As a type A/bullet list-loving/result-focused person, I whole heartily agree with his sentiment. I work in a predictable/linear/ systemic approach to tackling my work projects. Creating and crossing off items from construction job site meetings would be a shining example of my highly effective people moment.
Knowing exactly what needs to be done and executing those task items in the set and designated manner sounds like a perfect case of how we should work.
I admit this clear and focused approach works well in most of my professional settings. Checking and deleting emails at a set time or crossing off unfinished work items at the construction job site requires a laser-focused/machine-like approach to the task at hand.

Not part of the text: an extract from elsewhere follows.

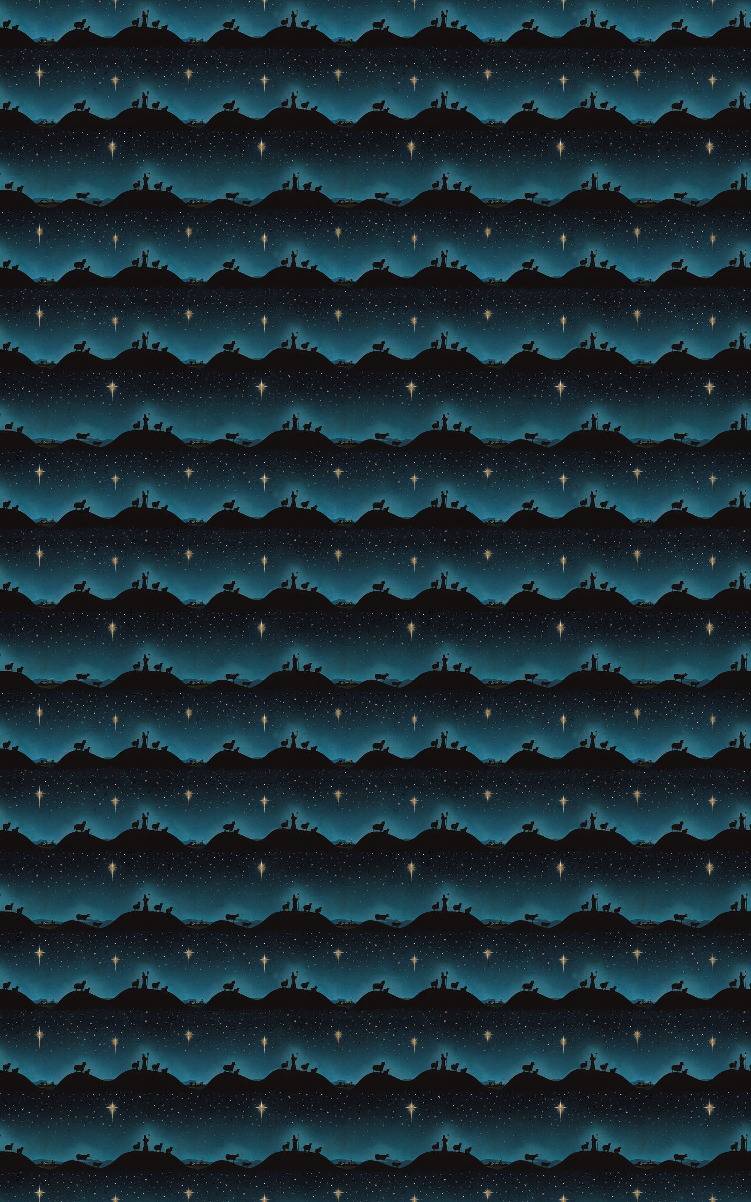 Find peace beneath the starlit sky with our Shepherd’s Watch design. This pastoral scene features gentle shepherds tending their sheep under the glow of a brilliant guiding star, softly illuminating the distant hills. With its calm tones and timeless imagery, this design brings warmth, faith, and serenity to your Christmas wrapping, cards, and décor.
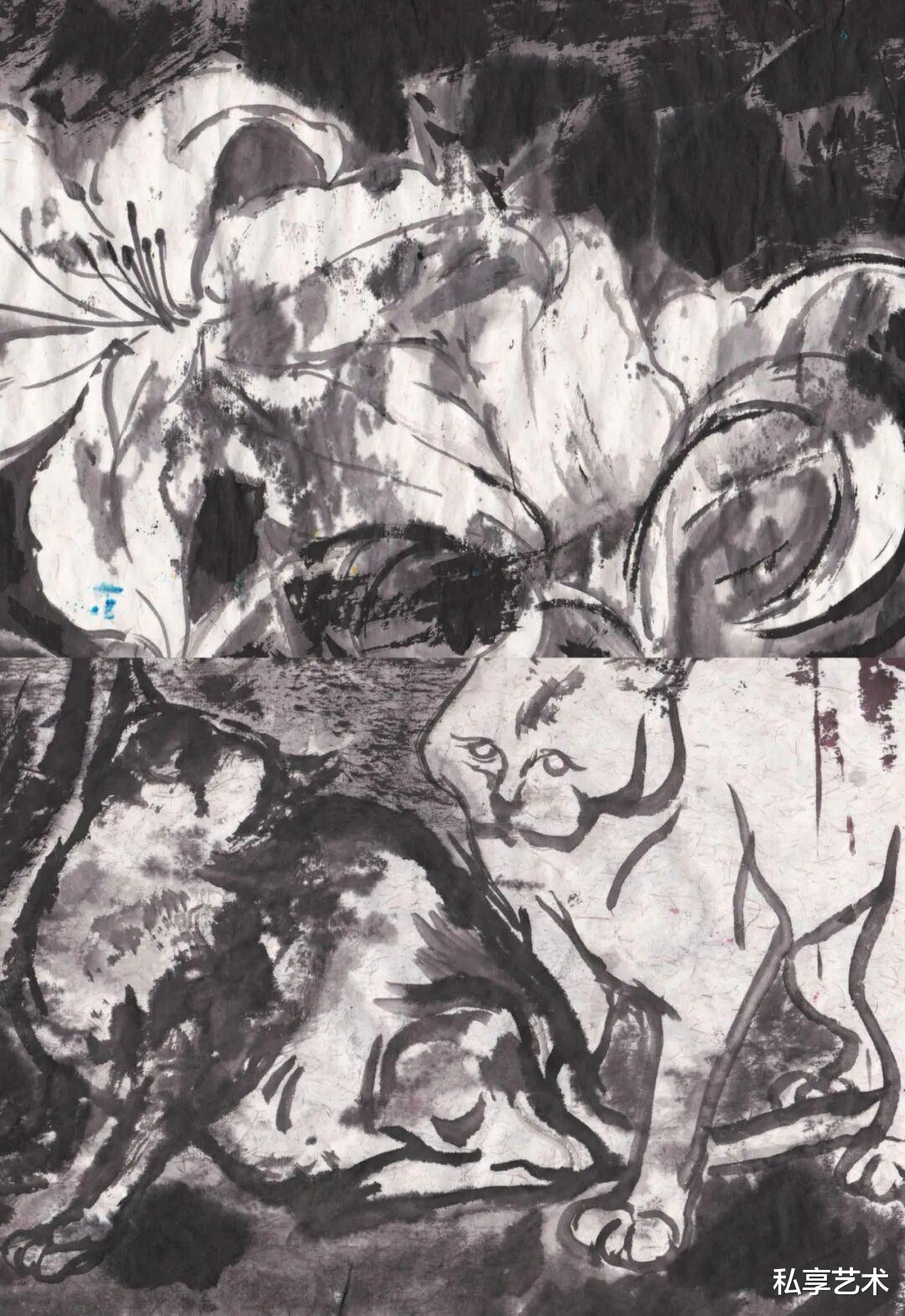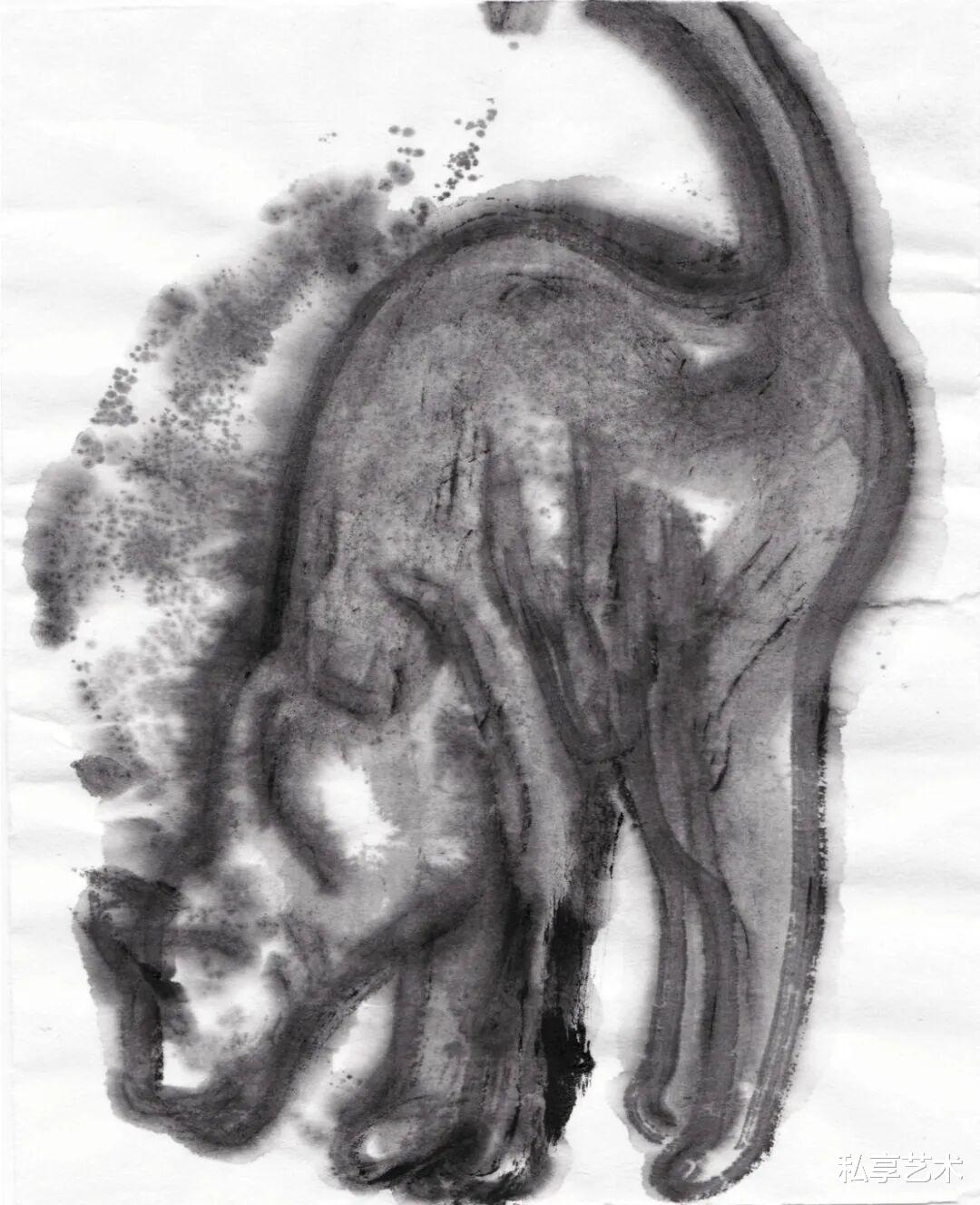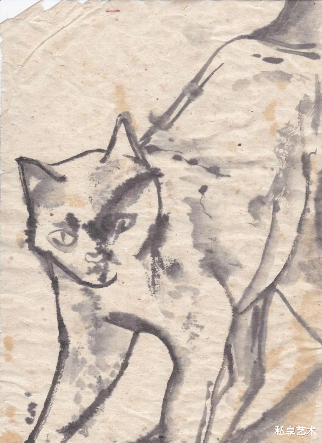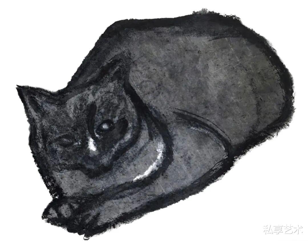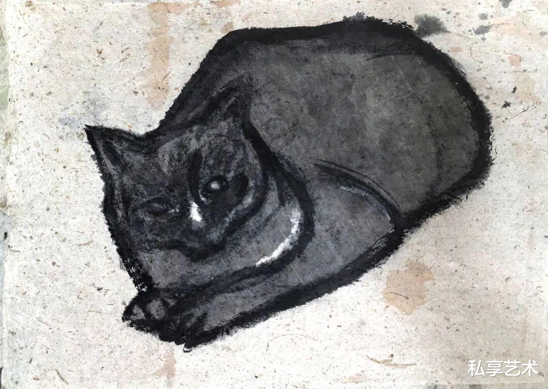 孟可手稿猫的系列,正是追求了一个真实的心象与感受而引发的视觉思考,进而催生了笔墨与造型的深入体验,西集野猫的生活现场成为她表达的引擎,情感与表象直抒,简单质朴,有声有色。孟可的世界是属于孟可的观察与感动,充满爱意,野猫坚强的生命力,犹如孟可对绘画的坚韧与执着,这坚韧来自于她对生命的高亢追求与感恩;孟可也是脆弱的,这脆弱出于她对弱小生命的关爱与怜悯,生命的相对性使得艺术充满了人性的光辉,她从水墨的实践到精神的指向表达自己的态度,赋予图像充满了生命的趣味。孟可的绘画是有样子的,这样子恰恰是绘画最重要的视觉建构,由技入道是每一个艺术创作者的个体探究与深度的追问,对生活的触摸与观照,是我们在完成了基本的艺术修养与能力规范后必然的选择。

However, the thesis is not that kind of work.
It requires continuous iteration of work. It is not a linear process but rather a circular looping process. It may sometimes even require getting off the original loop and creating an entirely new circular loop.
Hence the expression, “going back to the drawing board.”
During my thesis years, I had to literally “go back to the drafting board” many times over. One of my thesis project’s most stressful moments was beginning over again.
It was one of those all-nighter days…around 4:00am. I had to present my thesis project to some professors and invited guests in six hours!
I decided to abandon one of the drawings I had been working on for many hours, and starting from scratch was not easy. Not only was I not sure if I could finish the new drawing in time, but I also was not sure if I had a compelling reason for taking such a risk.
However, a somewhat arbitrary but strongly felt conviction of the “drawing seems weak” sentiment pushed me to do the unthinkable.
Trust the Process
I wish I could say my gutsy(?) decision to start the new drawing at the last minute paid off the dividends during the presentation and the final grade.
It did not.
Seeing the incomplete drawing with lots of white background and asking the guest critics to “imagine” the undrawn space, I met with silence.
Inevitably, the presentation did not go well.
In the end, my thesis advisor (who had seen the process from the beginning of the semester) asked about missing an old drawing and why I did not present it.
There were similar moments of confusion, indecision, or even wrong decisions as the thesis progressed throughout the semesters.
Whenever I started questioning the project, I began to question everything else along with it: ideas, working methods, process…Is this the right idea or strategy…am I going in the right direction? Is there a right direction? Etc.
When my thesis advisor learned that I decided to abandon the part of work I had been doing at the last minute, he simply said, “a gutsy move, but I wish you trusted yourself more.”
What does working on a thesis have to do with trusting myself?
Over the years, I recognized the true meaning of what he said on that fateful day. In fact, I would say it a little differently: trust the process.
I wish I had kept digging deeper into my original idea instead of starting something new in the face of questions or, worse, no answers.
I wish I trusted MY process.
The thesis project in design education is significant.
It is a project to learn about who you are as a designer. It is the time to test your ideas and interests and develop your design views while gaining the necessary skill sets to support those varying topics.
As a practicing architect, I realize how rare the opportunity to work on YOUR project without the restrictions of many conflicting issues/interests for a designer.
I would suggest students have a bigger perspective in the face of “what is my thesis project” worries and challenges.
See this one-time project as an opportunity to showcase the one and only (hopefully more) project that entirely belongs to you.